Often I find myself scratching my head at the email marketing messages I am sent by organizations.
For more than a year, I’ve made a serious effort to up my email marketing game (among other marketing aspects). All the while, I see other organizations seem to have not supported their email marketers.
Making a flub is okay, in my book – it happens. However, I like to call it the egregious #emailmarketingfails, usually via hashtag. Sometimes, though, 140 characters isn’t enough.
For now, I will not reveal any information about the sender. Nor will I include a screenshot so as not to give away the sender’s organization. That seems irrelevant to me at this point.
Here we go…
Thursday morning, 8:49 a.m.
I receive an email from a company with whom I have no recollection of interacting.

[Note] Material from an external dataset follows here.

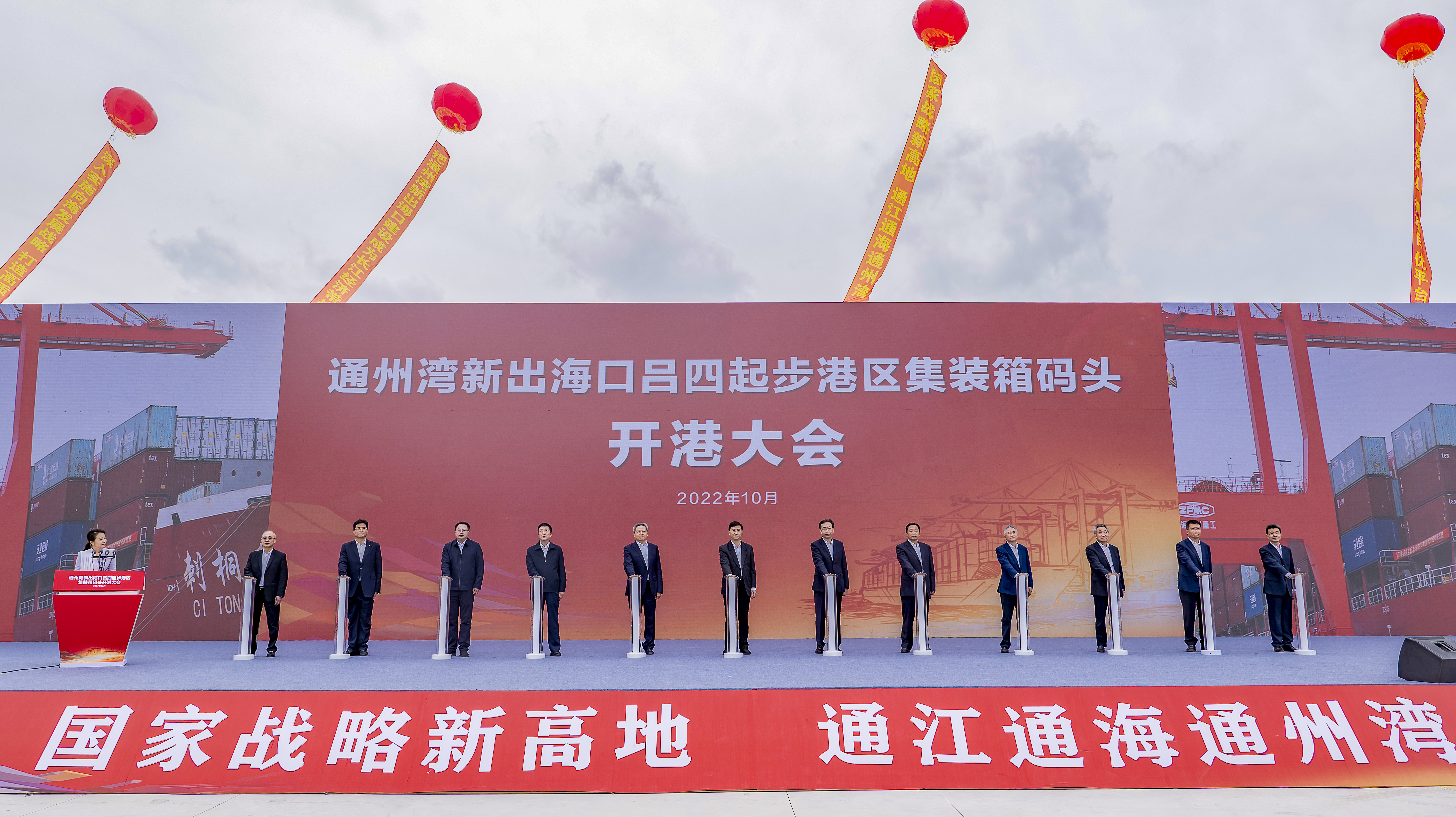 省政府副秘書長劉世虎,省交通運(yùn)輸廳一級巡視員丁軍華,江蘇海事局局長朱汝明,上港集團(tuán)董事長顧金山、總裁嚴(yán)俊,江蘇省港口集團(tuán)董事長陳明、總經(jīng)理關(guān)永健,上海市交通委港務(wù)監(jiān)管處處長李立民和南通市委書記、市人大常委會(huì)主任王暉,市委副書記、市長吳新明,市政協(xié)主席黃巍東,市人大常委會(huì)常務(wù)副主任、黨組副書記莊中秋等出席開港大會(huì)并共同啟動(dòng)按鈕、見證開港。市委副書記、市長吳新明主持開港大會(huì)。

Subject line: Meeting Request
A pretty poor subject line for someone you’ve never interacted with before. Why would you try to schedule a meeting with me if I’ve never interacted with you? Even if I’ve only filled out one form on your website, I’m probably not ready to buy.
I assume at this point my email was distributed via a list since I didn’t recognize the sender’s name or company. I was ready to delete the email right then until I read the first line.

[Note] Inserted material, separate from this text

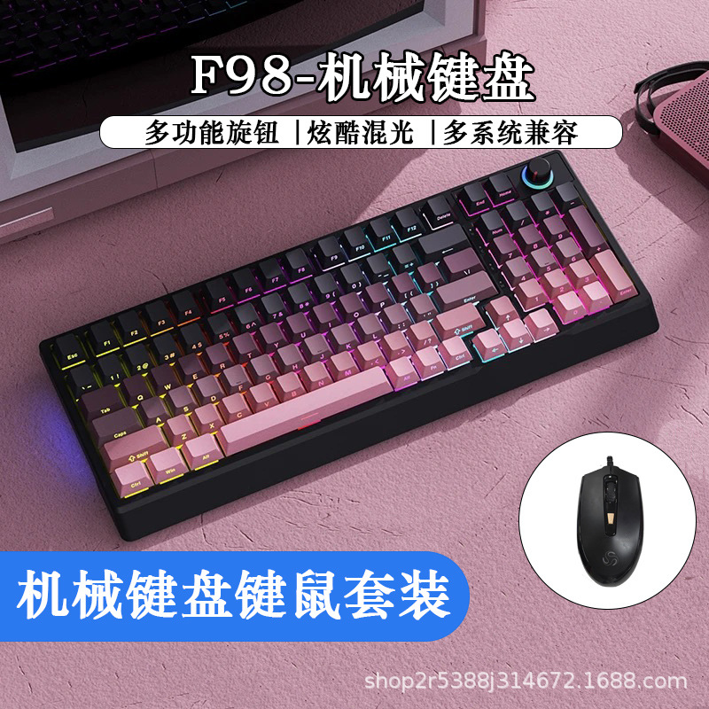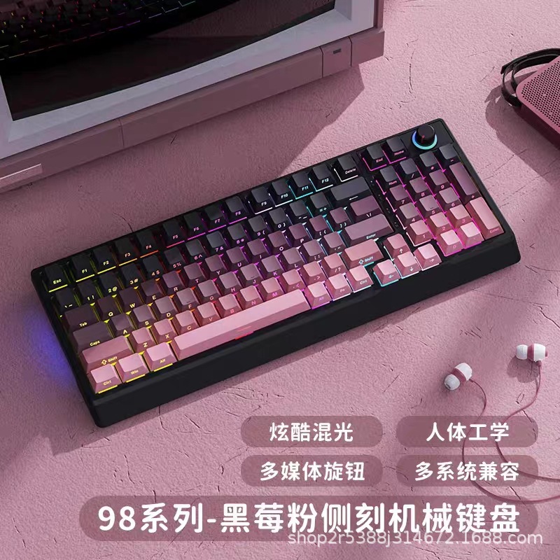 공장 재고 도매 98키 백라이트 유선 진정한 기계식 키보드 청축/적축 크로스보더 아마존 다색 혼합 조명스토어 가기

Seriously? You can’t even get the first name field right? I know I’ve never submitted any form as an “Akansh.” My alias is way better than that.
Clearly this marketer – the Director of Business Development & Strategic Partnerships – is incompetent at developing business. Or he cultivates stupid leads who buy into this ridiculous email marketing method.
Because I didn’t want to be on the receiving end of any future marketing, I thought I would send him a message.
You’ve got the wrong email here. Please remove me from your mailing list.
After all, the email he’d sent wasn’t part of a mass campaign – there was no unsubscribe button. With no response from the sender, I figured he’d taken care of it.
Thursday afternoon, 3:17 p.m.
So imagine my surprise six hours later when I get one of their newsletters in my inbox.
How quick do you think I unsubscribed and marked that email as spam?
- Don’t buy lists.
- Make sure your data is correct.
- If you send a regular email to someone and they ask you to cease communications, do it.
- Additionally, always include an unsubscribe link as many of any email campaign. Let people filter themselves out so you’re not trying to target them, and focus on growing your list organically.